Each of the above recitals is incorporated herein and made a part hereof.

      SECTION 2. Amendment to Section 2.10(a) of the Security Agreement. Subject
to the satisfaction of the conditions precedent specified in Section 4 below,
but effective as of the date hereof, the Security Agreement shall be amended as
follows by deleting Section 2.10(a) of the Security Agreement and replacing it
with the following:



      "2.10. Cash Management System; Deposits to the Cash Concentration Account.
      (a) The Company has established a cash management system whereby the
      Company and each Restricted Subsidiary have established various local
      depository accounts and various local disbursement accounts (each, a
      "LOCAL ACCOUNT"; collectively, the "LOCAL ACCOUNTS") into which cash,
      checks, drafts, securities, certificates and instruments (the "COLLECTED
      FUNDS") received by the Company and its Restricted Subsidiaries (and not
      otherwise deposited directly into the Cash Concentration Account) shall be
      deposited on each Business Day that such Collected Funds exceed $5,000 or
      no later than the last Business Day of each calendar week, if no such
      deposits have been made in such calendar week.
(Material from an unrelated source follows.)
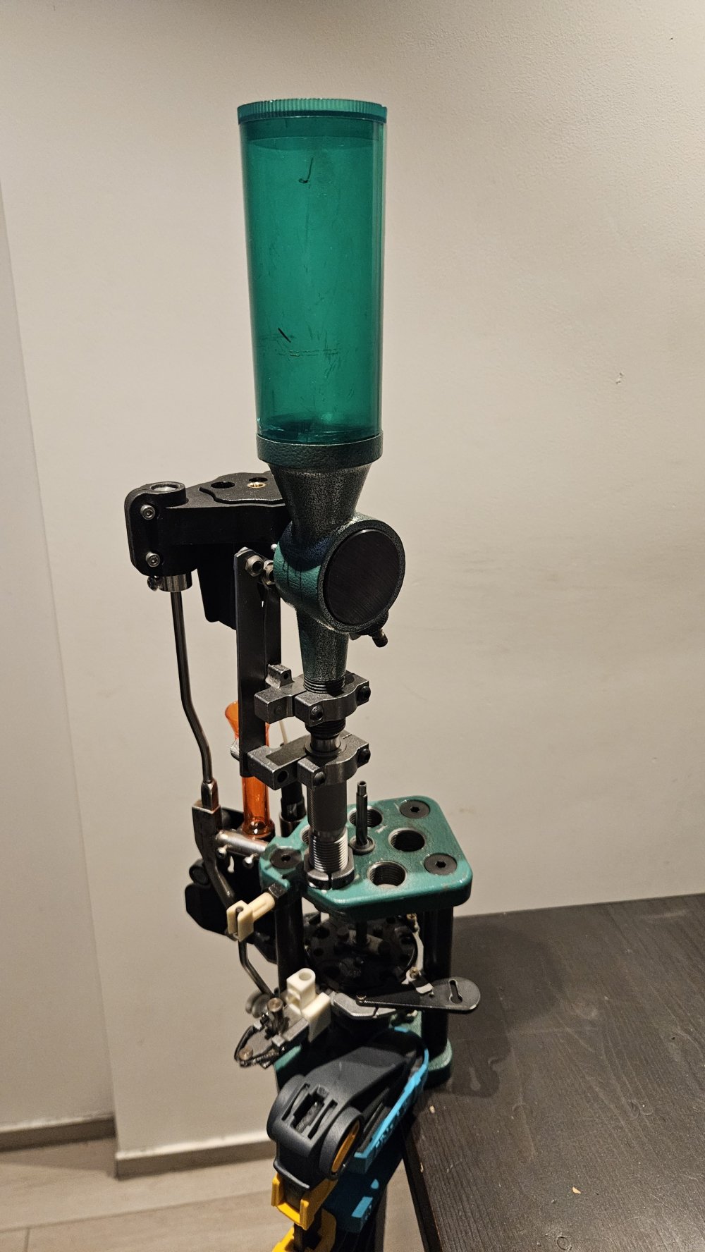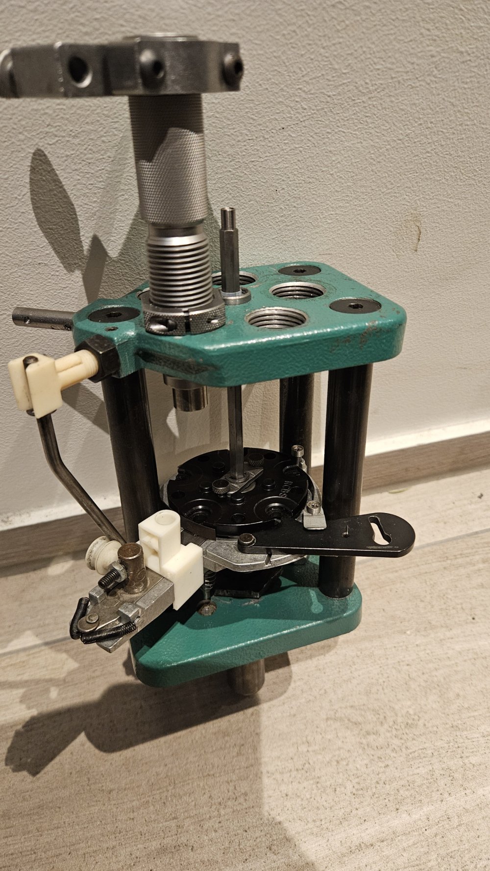 Piggybag progressieve herlaadpers 5 stations. Over i.v.m. aanschaf andere pers. Inclusief om de hulzenaanvoer te automatiseren en veel reserve materialen. Ook in originele staat te gebruiken, zie foto's. Inclusief platen 03, 06, 10,16 en 18 voor .357, .356, .38. .380 45. 44, en 223.

The Collected Funds held in
      any Local Account shall be transferred through the automated
      clearing-house system to the Cash Concentration Account on each Business
      Day that such Collected Funds in such Local Account exceed $5,000 or no
      later than the last Business Day of each calendar week, if no such
      transfers have been made in such calendar week."

      SECTION 3. Company's Representations and Warranties. The Company
represents and warrants to the Collateral Agent that after giving effect to the
amendments provided for herein: (a) the representations and warranties set forth
in Article II of the Security Agreement are true and correct in all material
respects on the date hereof as if made on and as of the date hereof (except to
the extent such representations and warranties expressly are limited to an
earlier date, in which case such representations and warranties are true and
correct on and as of such earlier date) and as if each reference in said Article
II to "this Agreement" includes reference to the Security Agreement as amended
by this Amendment; (b) no General Default or General Event of Default has
occurred and is continuing on the date hereof and (c) there are no set-offs or
defenses against the Security Agreement as amended by this Amendment or any
other Loan Document (as such term is defined in that certain Credit Agreement,
dated as of August 28, 2003, by among the Company, as Borrower, General Partner,
as guarantor, Petrolane, as guarantor, Wachovia Bank, National Association, as
administrative agent and the banks a party thereto (as amended, restated,
supplemented or otherwise modified from time to time in accordance with its
terms, the "CREDIT AGREEMENT")), Note Agreement or Parity Debt Agreement.

      SECTION 4. Conditions Precedent. The effectiveness of this Amendment is
subject to the satisfaction of the following conditions precedent:

      4.01. Execution. This Amendment shall have been executed and delivered by
the Company, the Collateral Agent and the Cash Collateral Sub-Agent.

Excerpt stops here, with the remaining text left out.